His first professional role was in 1993, as a leading role in the British Channel 4 series Lipstick on Your Collar. He then achieved international fame with his portrayals of heroin addict Mark Renton in the drama films Trainspotting (1996) and T2 Trainspotting (2017), Obi-Wan Kenobi in the Star Wars prequel trilogy (1999–2005), poet Christian in the musical film Moulin Rouge! (2001), SPC John Grimes in Black Hawk Down (2001), young Edward Bloom in Big Fish (2003), Catcher Block in  Down With Love (2003), Rodney Copperbottom in Robots (2005), Camerlengo Father Patrick McKenna in Angels and Demons (2009), "the ghost" in Roman Polanski's political thriller The Ghost Writer (2010), Dr. Alfred Jones in the romantic comedy-drama Salmon Fishing in the Yemen (2011), Lumière in the live-action adaptation of the musical romantic fantasy Beauty and the Beast (2017), the adult version of the titular character in the fantasy comedy-drama Christopher Robin (2018), the adult version of Dan Torrance in the horror film Doctor Sleep (2019), and Black Mask in the DC Extended Universe superhero film Birds of Prey (2020). He made his directorial debut with the historical crime-drama American Pastoral (2016), where he also played Seymour "Swede" Levov.

In 2018, McGregor won a Golden Globe Award for Best Actor – Miniseries or Television Film for his dual role as brothers Ray and Emmit Stussy in the third season of FX anthology series Fargo, and received Golden Globe nominations for Best Actor – Musical or Comedy for both Moulin Rouge! and Salmon Fishing in the Yemen. McGregor has also starred in theatre productions of Guys and Dolls (2005–2007) and Othello (2007–2008). In 2021, he portrayed fashion designer Halston in a Netflix miniseries Halston for which he won a Primetime Emmy Award for Outstanding Lead Actor in a Limited or Anthology Series or Movie. He returned as Obi-Wan in the 2022 Disney+ miniseries Obi-Wan Kenobi.

McGregor was ranked number 36 on Empire magazine's "The Top 100 Movie Stars of All Time" list in 1997. In a 2004 poll for the BBC, He was named the fourth most influential person in British culture. IndieWire named McGregor one of the best actors never to have received an Academy Award nomination.
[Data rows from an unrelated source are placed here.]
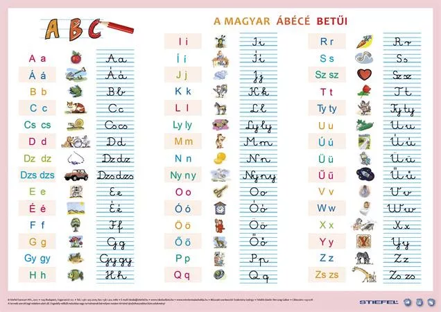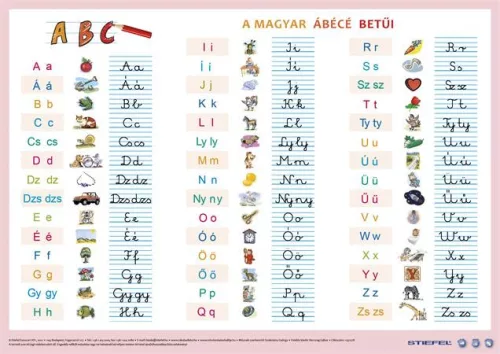 Az összes betűt (kis- és nagybetűket, ékezeteket) bemutató új tablónk készítésekor több, mint 1000 gyermeket kérdeztünk meg arról, hogy az egyes betűkről mi jut eszükbe. A rajzokkal illusztrált kiadvány hátán a vonal-elemek és az írott betűk gyakorlására van lehetőség.
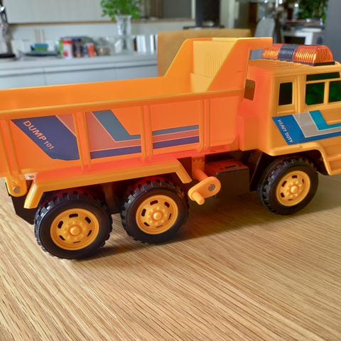 Myydään seuraavalle pienelle ihmiselle iso kuorma-auto kippi-ominaisuudella. Vain sisällä leikitty ja ollut lähinnä tilaa viemässä kaapissa. Kevyesti rullailee ja kiva kuljetella vaikka aarteita :)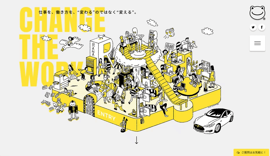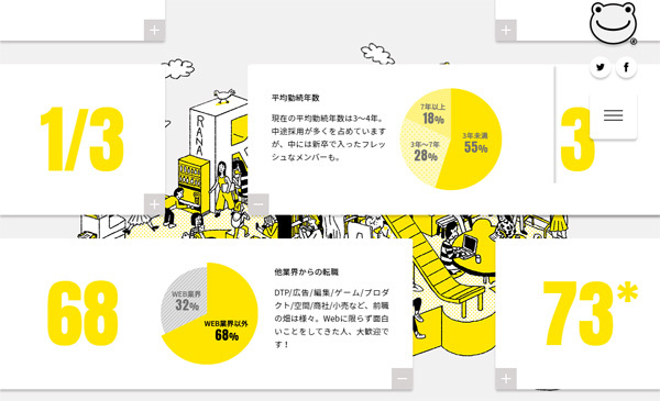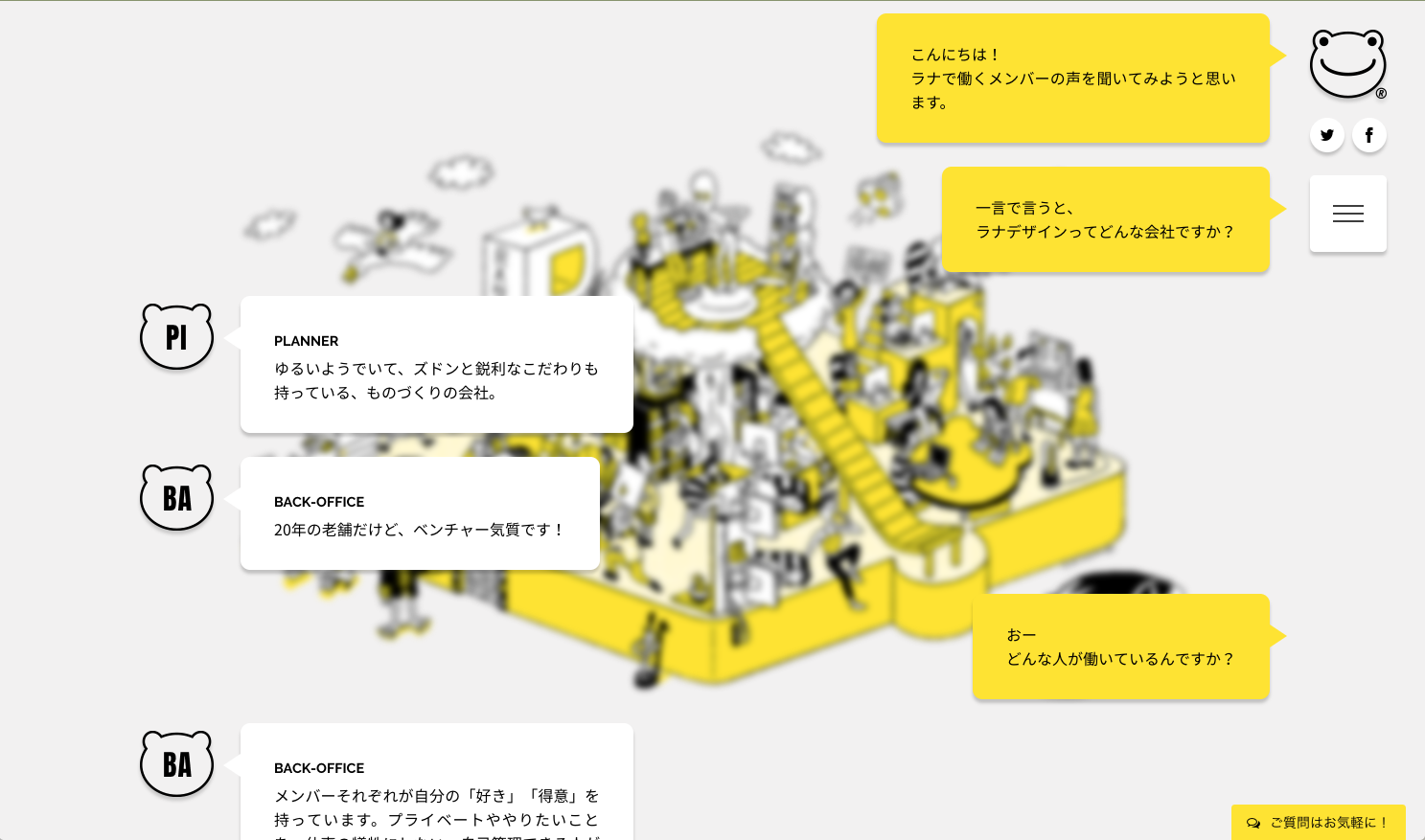 社内のにぎやかな雰囲気と様々なスタイルで働く様子をイラストレーションで表現。ページをスクロールするごとに現れるコンテンツは、インタビュー記事、メッセージアプリ風のコメント、インフォグラフィックスと全て演出を変えてラナデザインからの熱いメッセージを楽しんで見ていただけるようにしました。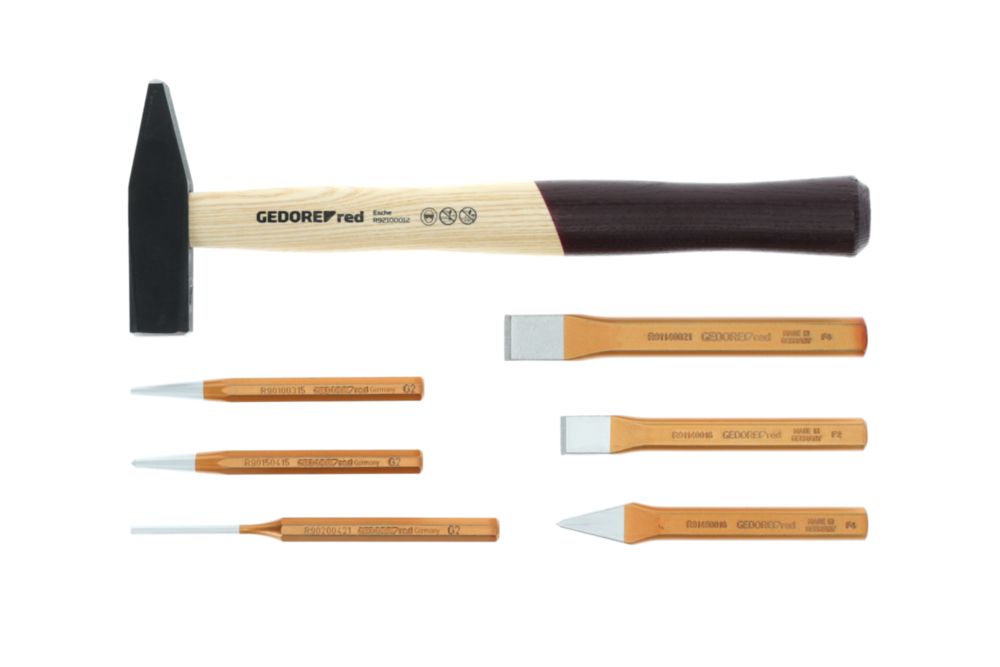LIEFERUMFANG: 1 x GEDORE red Hammer-/Meißelsatz 2/6 CT-Modul, 7 teilig, Länge: 310 mm, Gewicht: 1222 g, Artikelnummer: R22150019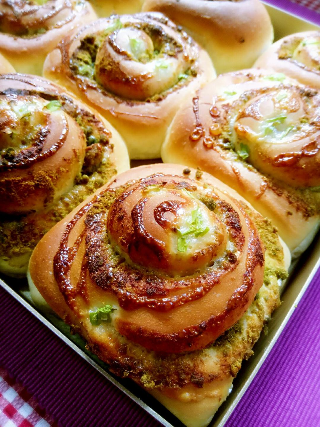 #香葱肉松面包卷#

McGregor has been involved in charity work and has served as an ambassador for UNICEF UK since 2004. He became an American citizen in 2016.

Early life 
McGregor was born on 31 March 1971 in Perth, Scotland, and was raised in nearby Crieff. His mother, Carol Diane (née Lawson), is a retired teacher at Crieff High School and latterly deputy head teacher at Kingspark School in Dundee. His father, James Charles Stewart "Jim" McGregor, is a retired physical education teacher and careers master at the independent Morrison's Academy in Crieff. He has an older brother, Colin (born 1969), a former Tornado GR4 pilot in the Royal Air Force. His uncle is actor Denis Lawson and his aunt by marriage was actress Sheila Gish, which makes him a step-cousin of Gish's actress daughters, Kay Curram and Lou Gish.

McGregor attended Morrison's Academy. After leaving school at the age of 16, he worked as a stagehand at Perth Theatre and studied a foundation course in drama at Kirkcaldy College of Technology, before moving to London to study drama at the Guildhall School of Music and Drama when he was 18 years old.

Career

Film and television 

Six months prior to his graduation from Guildhall, McGregor began a leading role in Dennis Potter's six-part Channel 4 series Lipstick on Your Collar (1993). Not long afterwards, he starred in the BBC adaptation of Scarlet and Black (also 1993) with a young Rachel Weisz and made his film debut in Bill Forsyth's Being Human (1994). For his role in the thriller Shallow Grave (also 1994), he won an Empire Award. The film was his first collaboration with director Danny Boyle. He had a major role in the 1996 Channel 4 comedy-drama film Brassed Off, written and directed by Mark Herman. His international breakthrough followed with the role of heroin addict Mark Renton in Boyle's Trainspotting (1996), an adaptation of Irvine Welsh's novel of the same name.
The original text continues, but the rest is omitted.